4.7 PRONE POSITION - PHYSIOLOGIC EFFECTS

 Reduced cardiac output due reduction in venous return


 Abdomen compression leads to vena caval compression leading to venous stasis
and engorgement of epidural venous plexus.
 Abdominal compression can lead to cephalad displacement of diaphragm with
subsequent hypoxemia, reduced pulmonary compliance and increased peak
airway pressure.
 Postoperative visual loss is associated with longer duration of prone position,
hypotension and venous and face congestion.
 The arms should be abducted to no more than 90°, with slight internal rotation and
lie in front of the plane of the body to reduce the risk of brachial plexus injury.

 Particular attention should be paid to the ulnar nerve at the elbow which is at risk of
pressure-related injury when the arms are flexed.
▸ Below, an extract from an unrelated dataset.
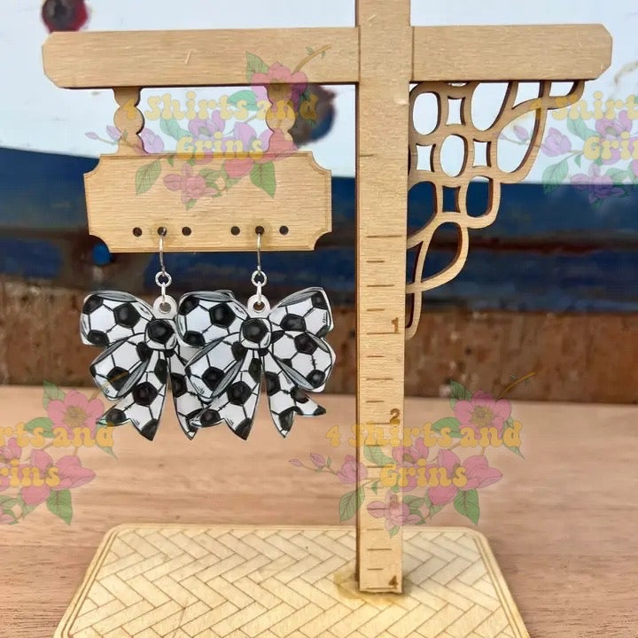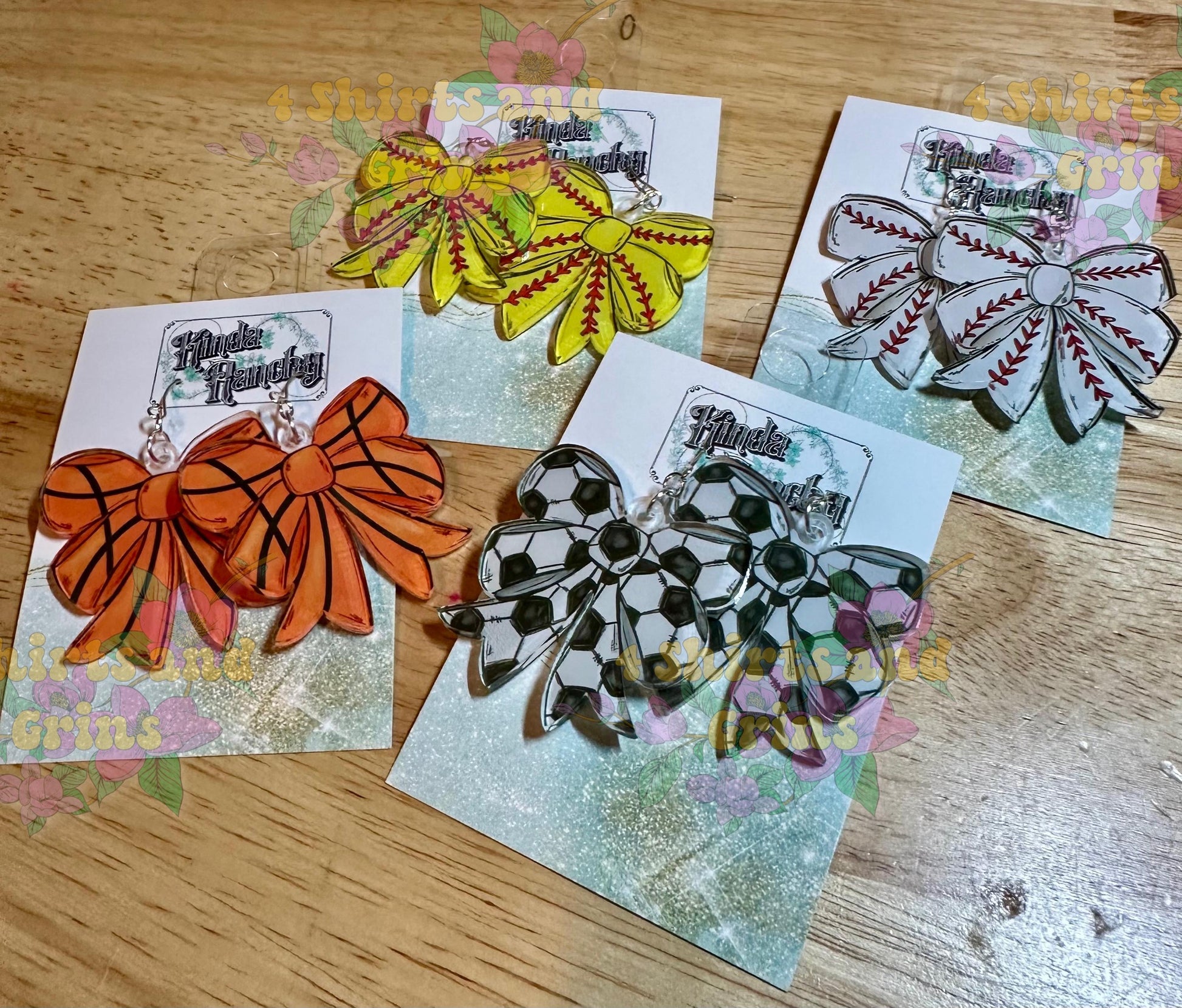 Acrylic Sports Bow Earrings | Softball, Baseball, Basketball, Soccer Statement Earrings – 2" Lightweight Dangles

 Soft tissue compression needs attention, particularly the risk of ischaemia to


breast or male genital area.
5. SUMMARY AND RECOMMENDATIONS

 Positioning the patient during anesthesia is a shared responsibility among the care
providers in the operating room.
 All positions can cause cardiovascular and pulmonary physiologic changes, which
may be exacerbated by anesthesia.
 Goals for positioning should include avoidance of compression and stretch of
neurovascular structures, to minimize the risk of nerve injury.
 Pressure redistribution is the most important factor in preventing pressure induced
injury and may be accomplished by the use of pressure-reducing surfaces and
padding, particularly over bony prominences.